Beltrante knew that the Fairfax PD's regulations forbid the use of lethal force to apprehend a person accused of a misdemeanor. He was also troubled that the department refused to release the Nov. 13, 2009, incident report under the Freedom of Information Act.

It took a year -- and the threat of a lawsuit -- before the department finally released the name of Officer David Ziants, who shot Masters in the back of the head while his SUV was stuck in traffic at a Richmond Highway intersection.

So now the cop's cop is spending his golden years trying to force the Fairfax PD to be more transparent and accountable. During the past six years, he says, 13 people have been slain and 13 wounded by Fairfax police officers, some under "highly questionable circumstances."

When challenged on these matters, the department hides behind a wall of silence.

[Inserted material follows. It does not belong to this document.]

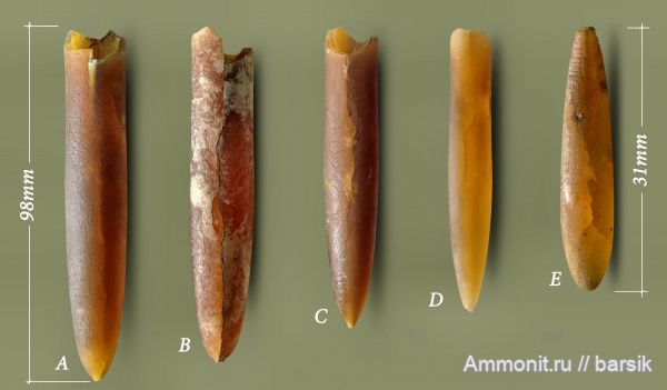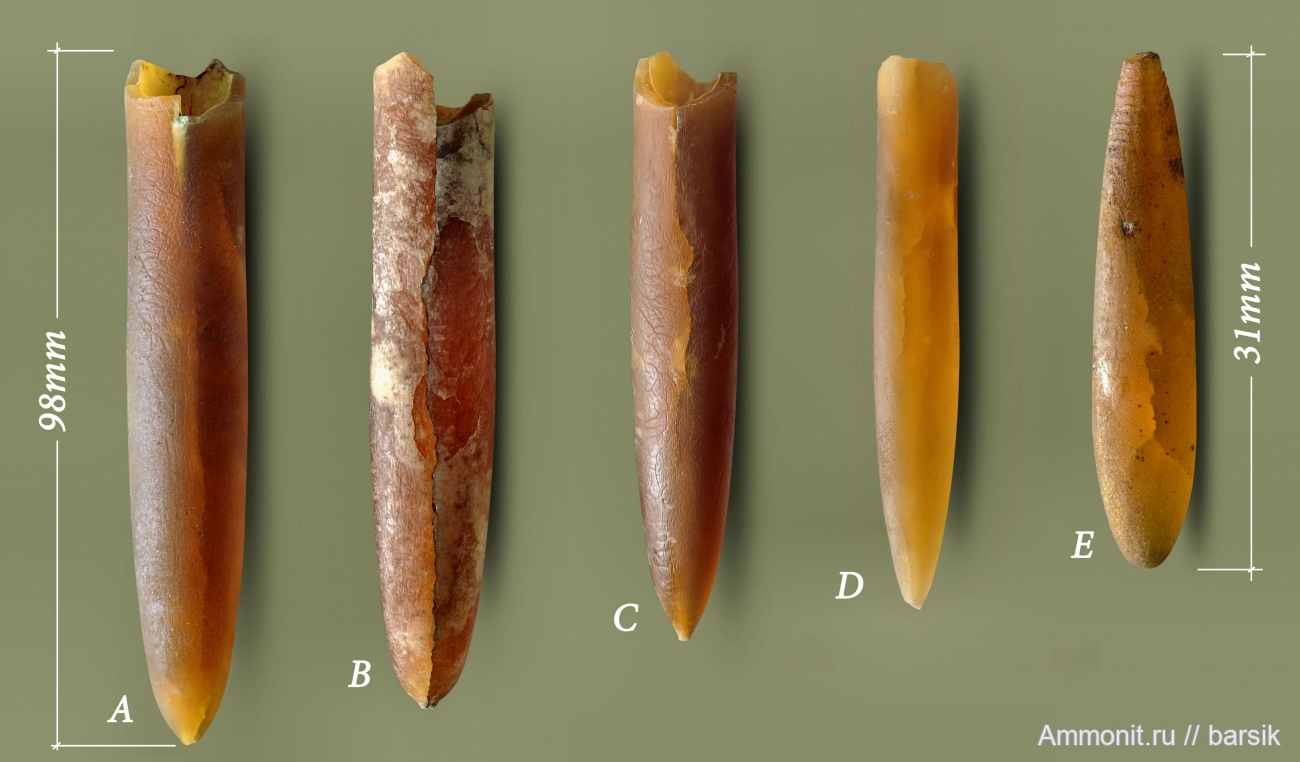 На фото представлена выборка находок верхнемеловых ростров севера Ростовской области. Размер самого крупного «А» -98мм, самый мелкий «Е» дан вне масштаба, его длинна – 31мм. Но это всего лишь видимый размер, полная длинна этих ростров при жизни могла быть в 2-3 раза больше. К сожалению, передняя часть имеет не такое массивное строение, а содержит более хрупкие и объемные детали, которые сохраняются очень редко.

Later, taxpayers learn they have to pay millions of dollars to settle cases they knew little about.

In January, for example, the Fairfax Board of Supervisors agreed to a $2 million settlement with the family of Dr. Salvatore Culosi, an unarmed optometrist who was killed by a Fairfax SWAT team during a 2006 gambling raid.

Court documents debunked Officer Deval Bullock's version of events -- that his .45-caliber automatic pistol accidentally discharged after the door of his police car bumped his elbow -- because the spent cartridge was found halfway between the vehicle and Culosi's body.

Did the officer lie, I asked? "Absolutely," Beltrante says.

Another $1.5 million out-of-court settlement was paid to the family of Ashley McIntosh, a 33-year-old teacher who was killed by another Fairfax police officer who ran a red light with no warning lights or sirens on.

"I am pro-police," Beltrante told The Examiner. "I have police blood in me. Ninety-nine percent of police officers are wonderful, but every police department has that 1 percent that taints its image. The era of the police policing the police has ended."

Beltrante wants the county to set up a civilian review board to monitor police activity, but such boards have been used in the past by people with political axes to grind. And Fairfax County already has a civilian review board. It's called the Board of Supervisors.

However, supervisors have not been doing their job, perhaps because the Police Association of Fairfax County is a major campaign donor to both Democrats and Republicans on the board.

And Virginia's FOIA law, which makes release of police reports optional rather than mandatory, needs to be strengthened.

Beltrante says that since 1942, "Fairfax County is the only jurisdiction in the United States in which no police officers have ever been charged with misconduct after a shooting death." How does this happen without ongoing coverups at the top levels of county government?

On March 29, Police Chief David Rohrer and County Attorney Tony Griffith insulted the public's intelligence by suggesting that an auditor who reports directly to them be in charge of reviewing all police misconduct complaints. The board's public safety committee, which meets June 14, should reject this "solution" out of hand.

So should voters. Supervisors who don't supervise don't belong on the board.

Barbara F. Hollingsworth is The Examiner's local opinion editor.